The comb filter 400 has a variable gain and is used as a period forcing filter. The comb filter 400 includes a delay line 402, a feedback amplifier 404, an input amplifier 406, and an adder 408. An input signal is applied to an input terminal of the input amplifier 406. A feedback signal from the delay line 402 is applied to an input terminal of the feedback amplifier 404. An amplified input signal and an amplified feedback signal are applied to the adder 408 from the input amplifier 406 and the feedback amplifier 404, respectively. The delay line 402 receives the sum of the amplified feedback signal and the amplified input signal from the adder 408. The output signal from the comb filter 400 is the output signal from the adder 408. The feedback amplifier 404 has a time-varying selectivity factor α. The input amplifier 406 has a time-varying selectively factor 1-α.
The comb filter 400 has two design parameters, the size N of a delay line 402 in samples at the sampling frequency (44.1 KHz) and a time-varying selectivity factor α. Typically, N is either chosen so that the period of the filter is equal to the period of the fundamental frequency of the desired note or chosen so that the period of the filter is an integral number of periods of the fundamental frequency. The variation in selectivity factor α over time is modeled as a series of line segments. Selectivity factor α is depicted in FIG. 5 and usually begins with zero and gradually increases. The level of harmonic content of the signal generally decreases as the selectivity factor α increases. A typical final value of selectivity factor α is 0.9.
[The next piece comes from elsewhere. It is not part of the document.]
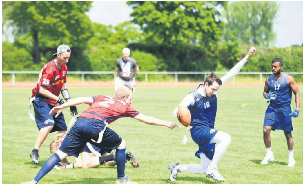
Beim Flag Football stoppt man den Gegner, indem man eine der beiden kleinen Fahnen („Flags“) abzieht. Körperkontakt gibt es im Gegensatz zum American Football kaum. Das Foto stammt aus dem jüngsten Testspiel der Münster Fireflags (rot) gegen die Darmstadt Fun Diamonds (blau) im Gersprenzstadion.

2016 gründete der American Football Verband Deutschland die Deutsche Flag Football Liga. 40 Mannschaften nahmen damals an der Debüttrunde teil, auch die Münster Fireflags. „Das Konzept für die DFFL war im ersten Jahr aber noch unausgereift und die Kosten waren zu hoch“, blickt Rainer Blümmler, Fireflag der ersten Runde und bis heute als Spieler aktiv, zurück. Dennoch nahmen die Münsterer auch 2017 teil, als schon 51 Teams mit von der Partie waren. 2018 und 2019 fehlte

Referring again to FIG. 2, the low pass looping 250 step is consistent with a traditional wavetable sample generation process. All conventional and traditional wavetable sample generation methods, which are known in the art, are applicable in the low pass looping 250 step. These methods generally employ steps of sampling a sound signal, looping the sample throughout a suitable sampling period of time to determine a period at which the time domain waveform repeats, and saving samples for the entire period. When the sample is performed, the saved samples of the waveform through a full period of the loop are repetitively read from memory, processed, and performed to recreate the sound.
The optional high pass looping forcing filter step 260 is similar to the low pass looping forcing filter step 240 but is performed on the high frequency components of a sound. The high pass looping forcing filter step 260 is applied to the sample waveforms resulting from the high pass filter 230 step. The high pass looping forcing filter step 260 uses the comb filter 400 shown in FIG. 4 having a selectivity that varies over time to accelerate the removal of nonharmonic spectral components from the nonperiodic waveform. The comb filter 400 is operated using a size N of the delay line 402 in samples at the sampling frequency and a time-varying selectivity factor α that are suitable for the high frequency band samples.
The high pass looping 270 step is similar to the low pass looping 250 step except is performed on the high frequency components of a sound. The high pass looping 270 is applied to the sample waveforms resulting from the high pass looping forcing filter step 260.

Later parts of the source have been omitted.